A total of 100 basis points in rate cuts since February, including a surprise 50-bps reduction in June, are expected to enhance liquidity and lending conditions. Lower interest rates generally encourage borrowing and investment, leading to increased economic activity. The RBI's decision to cut interest rates is aimed at stimulating the Indian economy and supporting businesses by making it cheaper for them to borrow money. This, in turn, is expected to boost corporate earnings and increase investor confidence in the stock market.
India’s benchmark Nifty 50 index has rebounded strongly, closing at 25,082.30 on July 14, reflecting a 5.6% gain so far this year. This positive performance of the stock market is a significant factor driving investor sentiment and attracting new investors to the market. A rising stock market generates wealth for investors and creates a sense of optimism, which encourages further investment and participation. The Nifty 50 index serves as a barometer of the overall health of the Indian stock market and provides a valuable indicator of investor confidence.
S&P noted that this recovery, coupled with increasing retail investor participation, is fueling renewed enthusiasm in the primary market. The growing participation of retail investors in the stock market is a significant trend that is contributing to its overall growth and stability. Retail investors, who are individuals investing their own money, are becoming increasingly sophisticated and knowledgeable about the stock market. Their participation helps to diversify the investor base and reduce the market's dependence on institutional investors.

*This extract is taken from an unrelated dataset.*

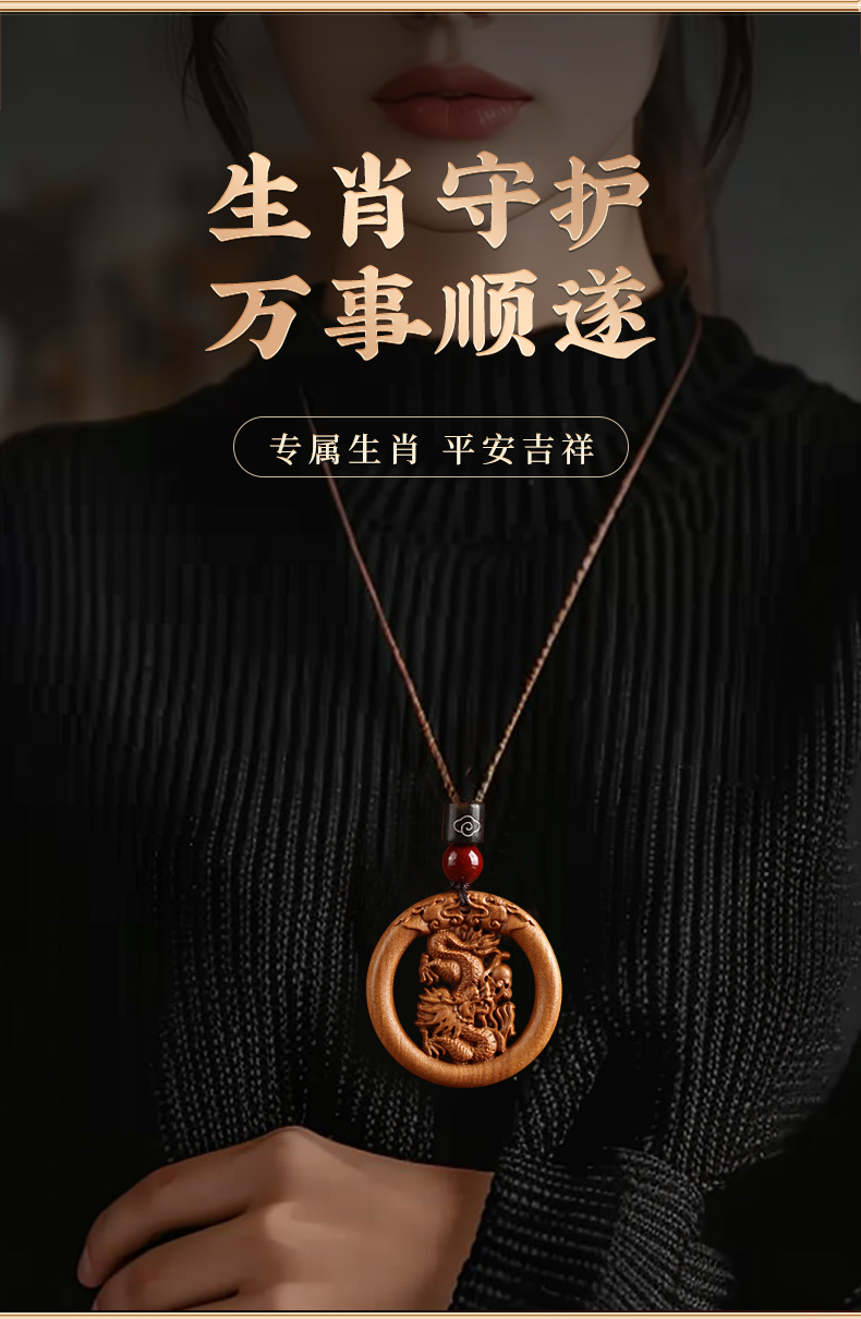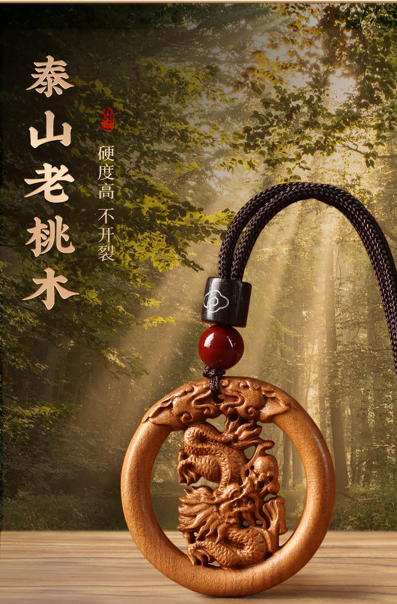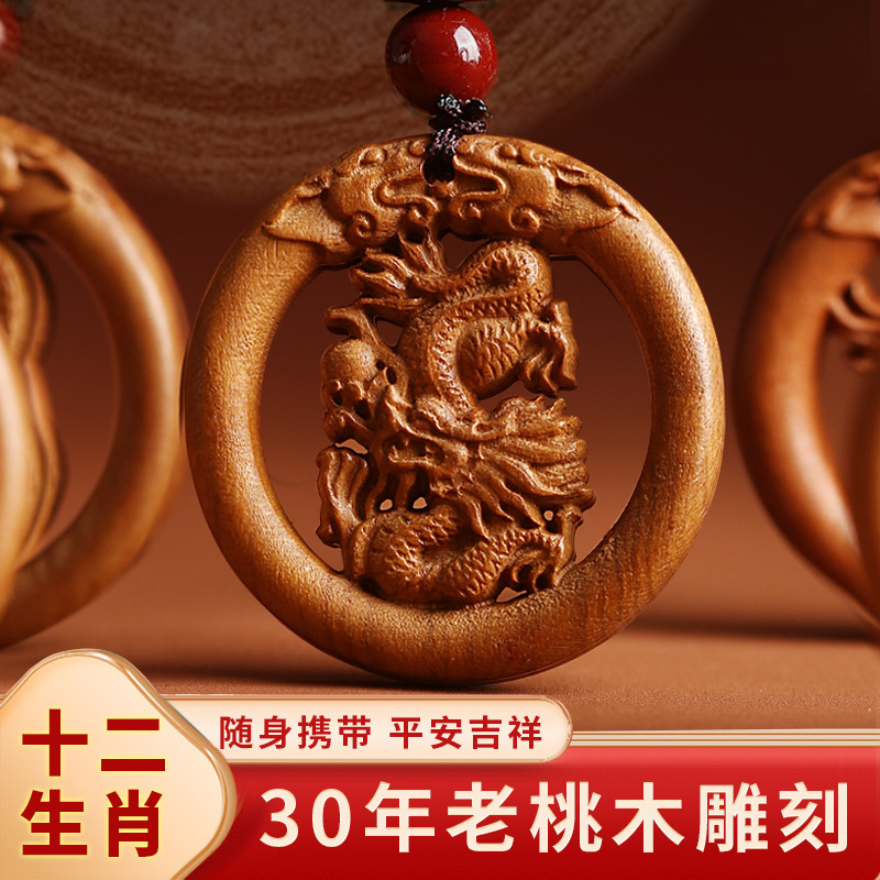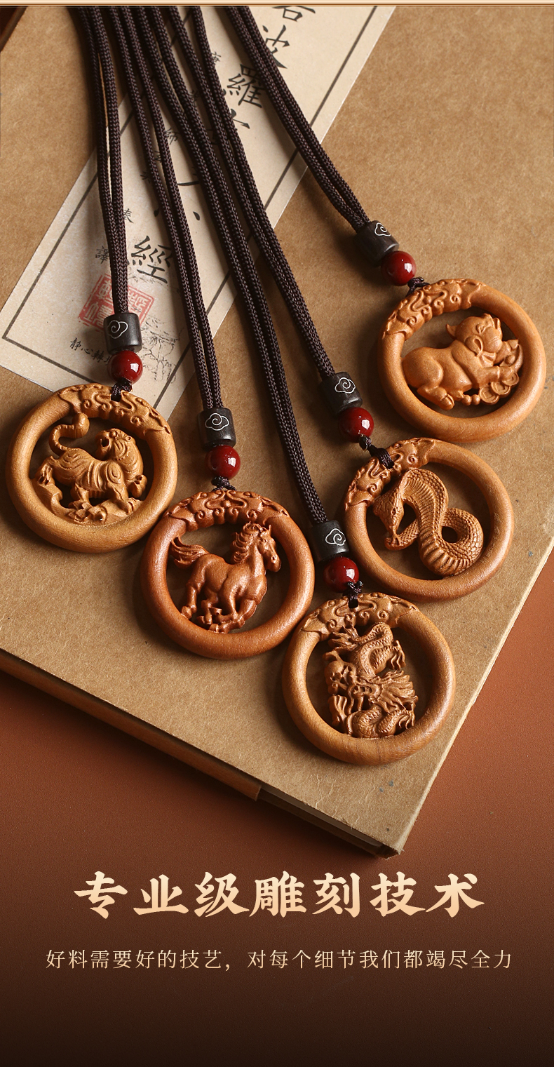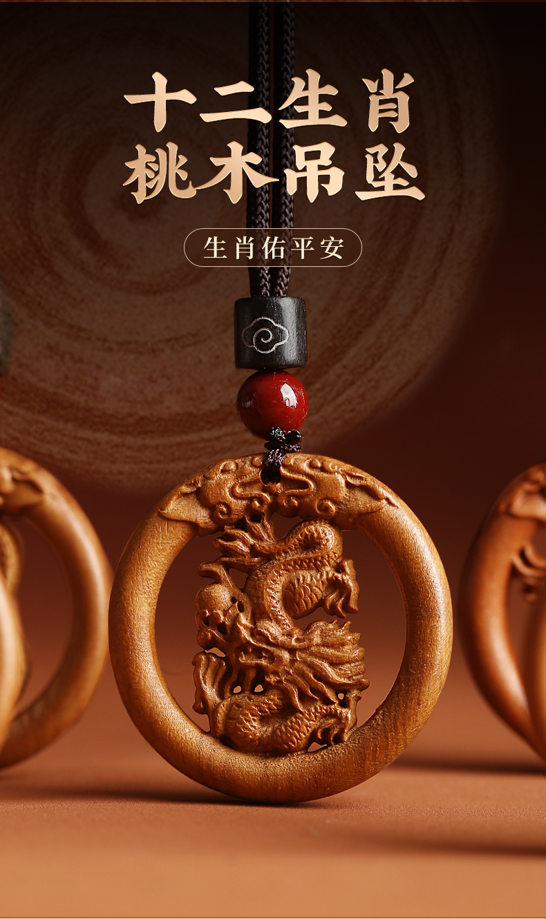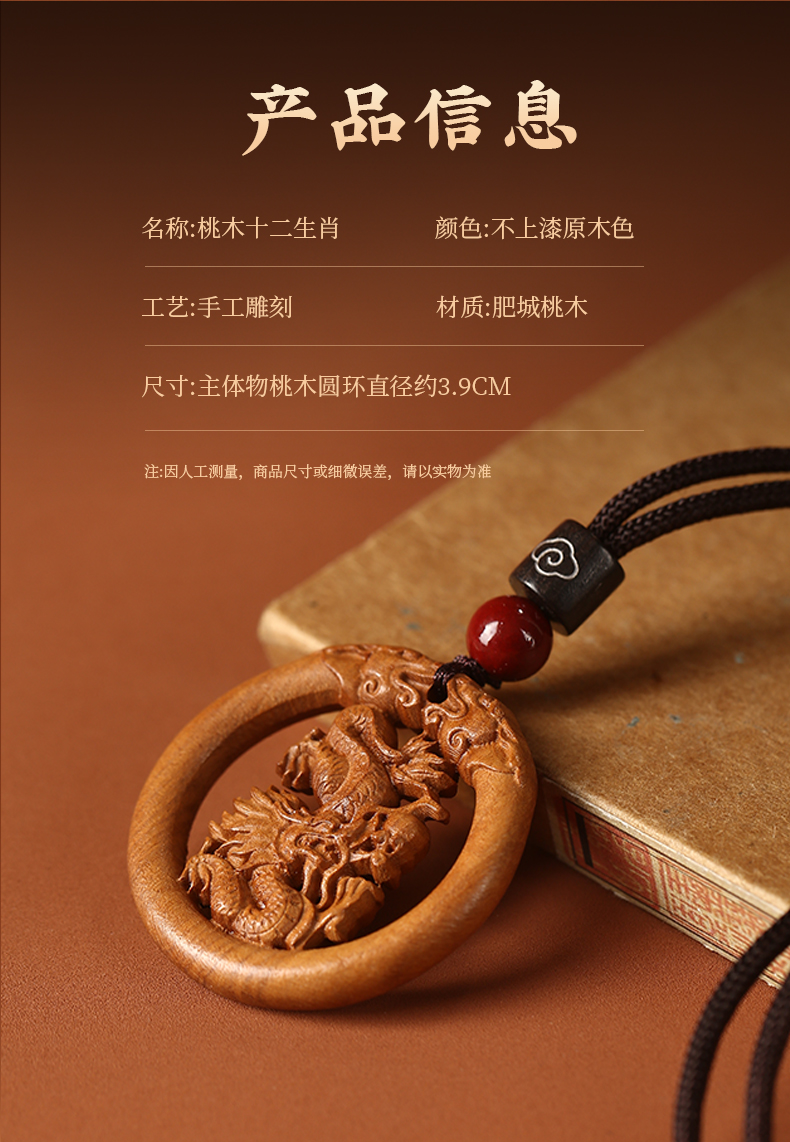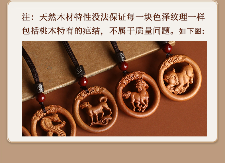 복숭아 나무 조디악 펜던트 쥐 Ox 호랑이 토끼 용 뱀 말 양 원숭이 돼지 복숭아 나무 조디악 샹윤 목걸이 매달려 비문

The report also highlights the strong listing potential in sectors such as financial technology (fintech), AI-driven firms, and industrial tech, with the broader macroeconomic setup favoring renewed issuance. These sectors are considered to be high-growth areas with significant potential for future development. The Indian government's focus on promoting innovation and technology is creating a favorable environment for companies in these sectors to thrive and attract investment. The strong listing potential in these sectors is expected to drive IPO activity in the coming years.
In conclusion, with a dynamic stock market, supportive monetary policy, and an improving global backdrop, India’s IPO environment is poised for a more robust second half, with the NSE continuing to establish itself as a major global listing venue. The Indian stock market's resilience, coupled with the government's focus on economic growth and stability, is creating a favorable environment for companies to raise capital through IPOs and for investors to generate returns. The NSE's growing prominence as a global listing venue is a testament to the increasing importance of the Indian economy in the global financial landscape.